CHATENAY-MALABRY La première fête du quartier LaVallée a dépassé tous les pronostics. L’idée avait germé, il y a un an, dans l’imagination de Karim Najjar, président de l’ASL LaVallée. Selon les premiers éléments de notre enquête, Fabien Duchesne le rejoint bientôt. Puis, le bruit court, enfle. Un groupe WhatsApp se forme. Les conseils syndicaux des résidences s’y collent. Les bénévoles arrivent. Ils seront 26 à rejoindre le « staff ». Le mot staff n’est pas usurpé, ils ont de quoi faire ! Plus de 600 participants prendront part à la teuf.

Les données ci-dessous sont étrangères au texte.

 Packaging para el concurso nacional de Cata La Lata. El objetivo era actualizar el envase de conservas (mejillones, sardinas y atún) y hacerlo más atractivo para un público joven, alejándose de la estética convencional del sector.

Dress code, il y eut. Il est blanc ! Avec l’agitation des enfants qui courent tout partout, ce sera une toile visuelle où la lumière scintille. Le quartier tout neuf prend une âme touchante. Il est si rempli. Comment interpréter cette réussite ? Tient-elle aux qualités urbaines voulues par la commune ? A l’énergie collective des résidents ? Aux deux, sans aucun doute.
Les enfants
Ce qui frappe d’abord, c’est la jeunesse. Certes, il y a des « seniors », mais « le couple standard de LaVallée est plutôt trentenaire, dit Aurélie, résidente depuis 3 ans. Et la vie de quartier a vraiment démarré avec l’école ». Mathieu, qui a souvent bougé, trouve ici « son premier quartier avec autant d’enfants ». A leur présence importante a répondu une abondance d’animations : Marco le clown, Nicolas le fabuleux, connu comme sculpteur de ballons, Jimmy le magicien. Sous un barnum, les animateurs « du staff » proposent des jeux de société, un jeu de piste, le Mölkky, ces quilles finlandaises aussi futées que tendances. Attention ! les gagnantes et les gagnants ne partent pas sans rien ! 60 avions planeurs et 60 cordes à sauter seront distribués !

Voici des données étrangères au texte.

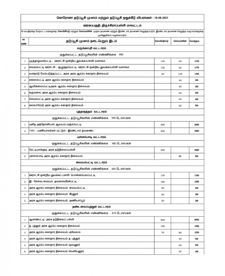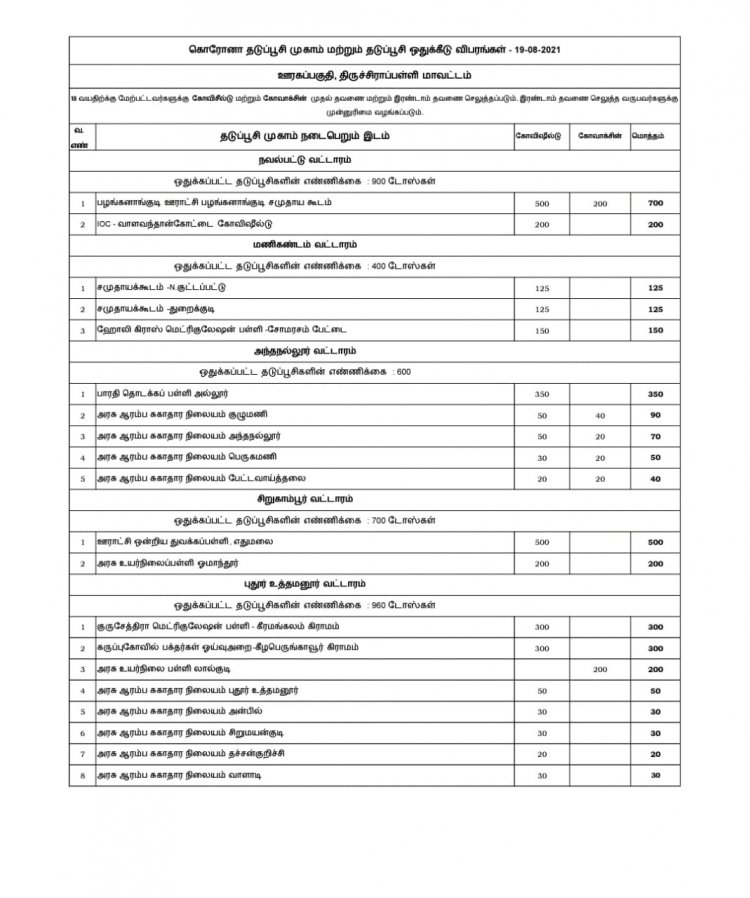 திருச்சி மாவட்டத்தில் நாளை (19.08.2021) 14 ஒன்றியங்களில் கோவிசீல்டு, கோவாக்சின் தடுப்பு ஊசிகள் போடப்படும் இடங்களை மாவட்ட நிர்வாகம் அறிவித்துள்ளது.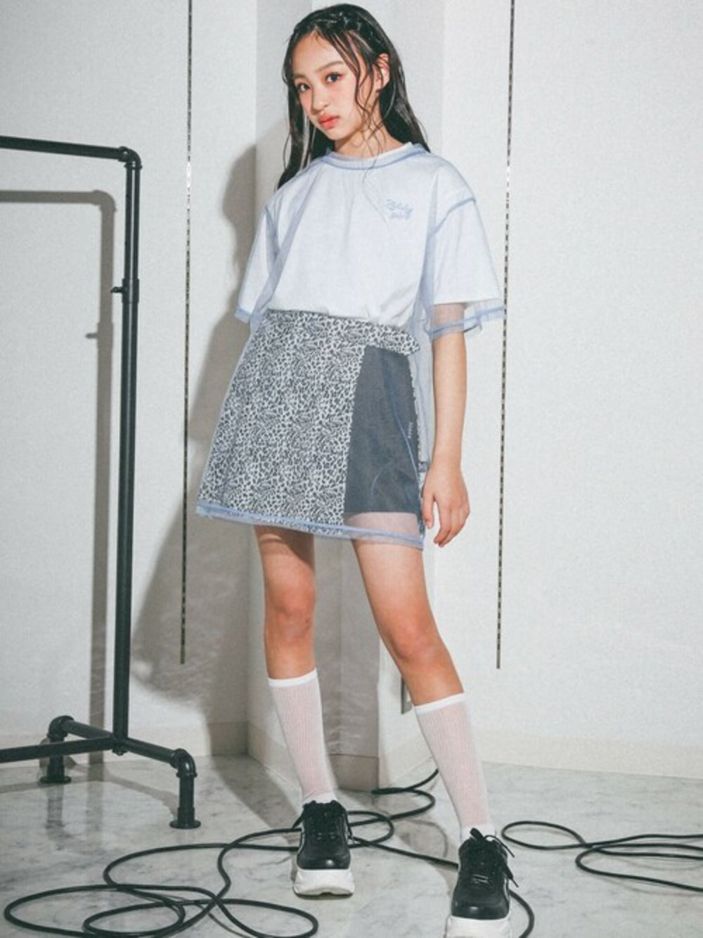 3WAYで着れるチュールトップス&Tシャツセットアイテムラップデザインでアシンメトリーに仕上げたカットジャガード生地のスカパンとコーディネート。 Tシャツをインしたらほどよい透け感のチュール見せが叶う、大人のムード漂う1着です。 シャレな韓国っぽスタイルにおススメ! 【ZIDDY(ジディー)】 FOR FASHIONABLE GIRLS ~オシャレが好きな女の子を応援~ レディース・ティーンズトレンドを取り入れた、女の子の“今”に寄り添うファッションブランド ティーンズ心ときめく要素を詰め込んだ商品を展開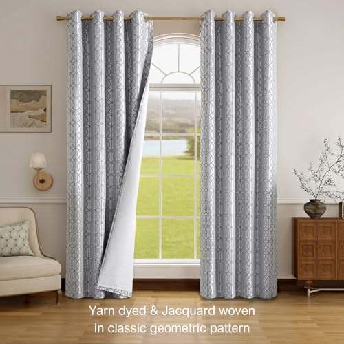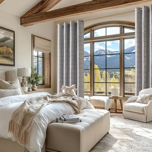 Thermal Insulated Curtains with Noise Reduction, Heavyweight Jacquard Woven Grey Curtain for Bedroom,Living Room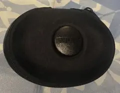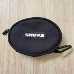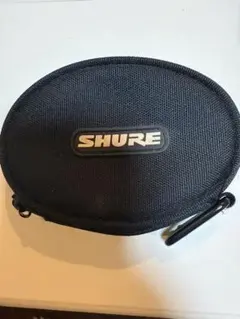 SHUREの黒い布製イヤホンケース、持ち運びに便利。

A l’accueil, sont offerts aux familles gâteaux et boissons. Tout ceci coûte. Le staff a cherché et trouvé des sponsors qui le suivent. Ils sont à côté. Altixia, Citya, Basilic & Co, mais aussi Moustache, Beer’s corner et Carrefour City. Karim, dix fois reconnaissant, raconte volontiers tout ce que l’accueil et l’organisation leur doivent.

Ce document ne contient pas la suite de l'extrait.